▶ **Work request**:
Starting at the line that contains "Edler Metallic-Jersey –", write out each line through the end of the data below, exactly as it stands. Skip any pictures.
* * * * * * *
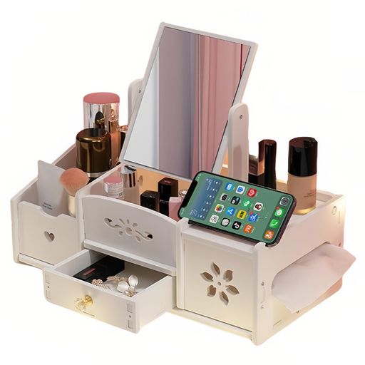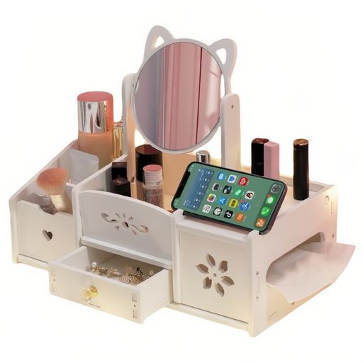 [ミニサイズの可愛いドレッサー]化粧道具や小物入れに使える可愛いミニドレッサーです。シンプルなホワイトカラーで、猫耳や四角デザインのミラーで化粧をお楽しみいただけます。 [コンパクトで置く場所を自由に]コンパクトな見た目ながらも様々なタイプの化粧品を収納できるお洒落ドレッサーです。卓上・棚・デスクに置いても邪魔にならないサイズ感が特徴。本体ごと持ち歩いてお好みの場所でお使いいただけます。 [回転化粧鏡]センター上部には角度調整可能なミラーを完備。その下にはイヤリングや指輪などのアクセサリーが置けるようになっています。下部には引き出しが2段もあるため、パフやメイクスポンジなど埃を避けたいアイテムの収納にピッタリです。 [パーティション化されたストレージ]両サイドには縦に深さのあるスタンドが4ポケット備わっているので、縦型のボトル・チューブ・瓶などを入れておけます。 [簡単なDIY化粧品収納ボックス]環境に優しいPVC素材の複数のパネルから簡単に組み立てられる、DIY卓上収納ボックスボックスです。ほぞ構造とステンレスねじの補強で取り付けも安定し、初心者でも使いやすいです。
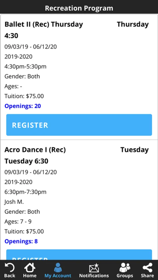 - Have a class in mind? Search by program, level, day, and time. You can register or even put yourself on a wait list.
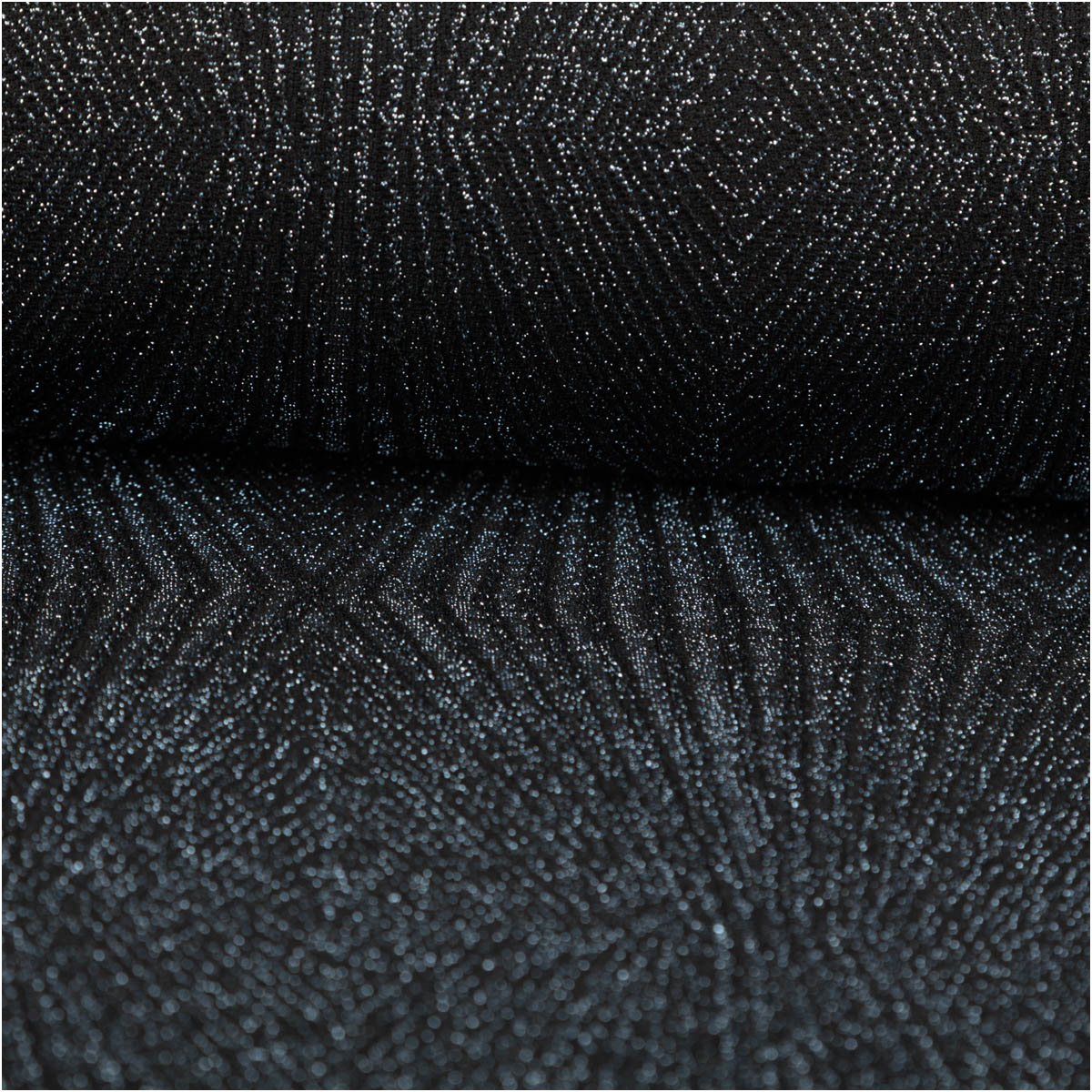 Edler Metallic-Jersey – schwarzer Grundton mit schimmerndem Silber und geometrischem Muster
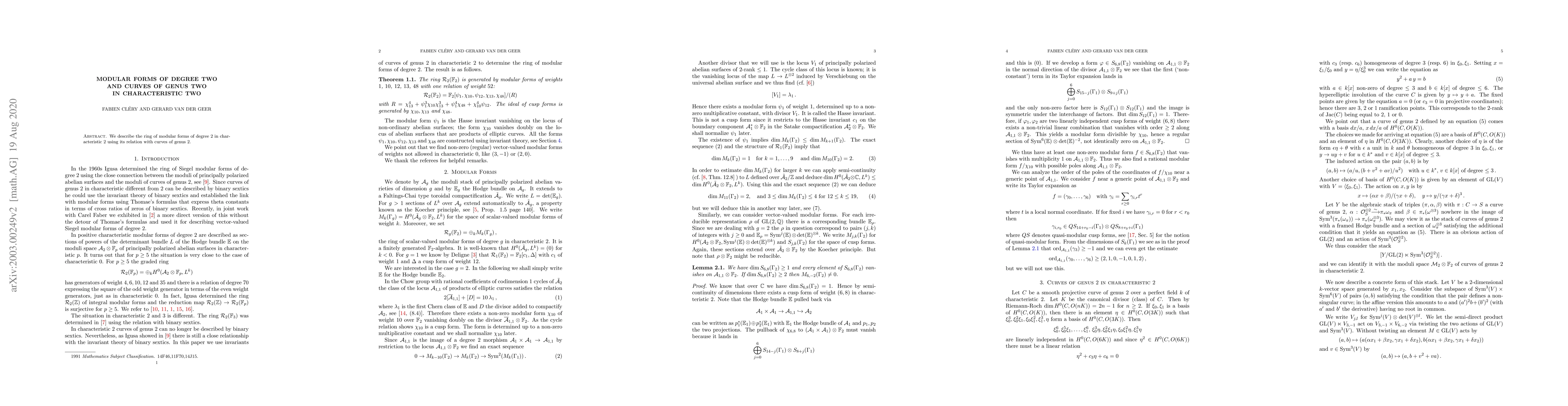 Summary: This paper explores the ring of modular forms of degree two in characteristic two, elucidating its structure through its connection with curves of genus two. The study reveals significant insights into the interplay between modular forms and algebraic geometry.
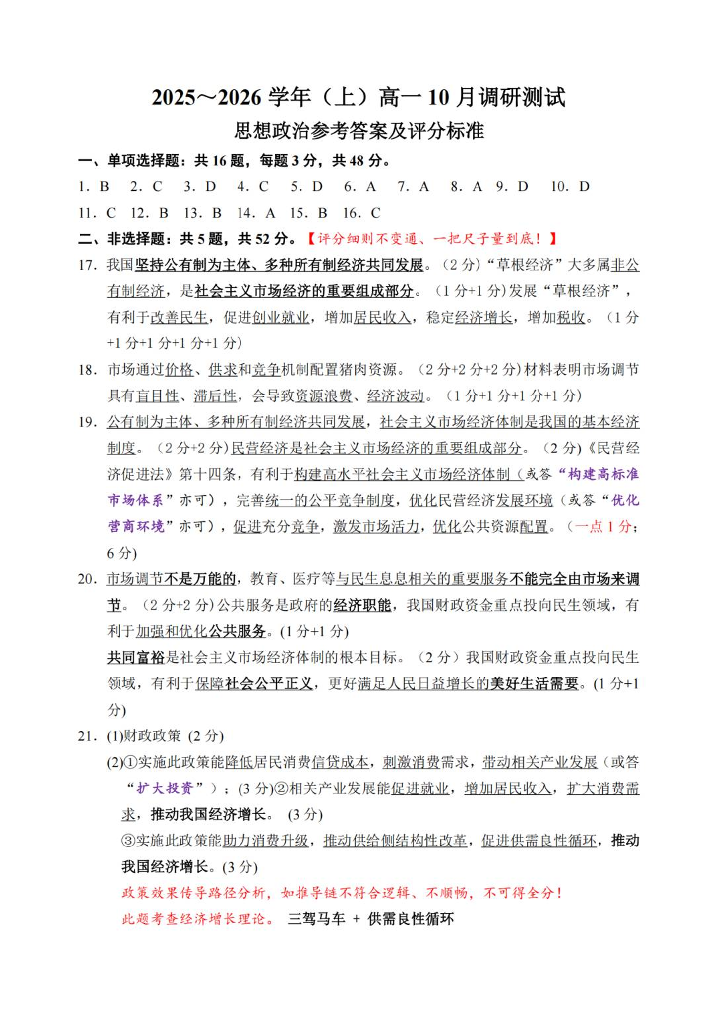 高一政治答案--江苏省南通市2025-2026学年高一上学期10月调研测试
* * * * * * *
▶ **Written solution**:
 Edler Metallic-Jersey – schwarzer Grundton mit schimmerndem Silber und geometrischem Muster
 Summary: This paper explores the ring of modular forms of degree two in characteristic two, elucidating its structure through its connection with curves of genus two. The study reveals significant insights into the interplay between modular forms and algebraic geometry.
 高一政治答案--江苏省南通市2025-2026学年高一上学期10月调研测试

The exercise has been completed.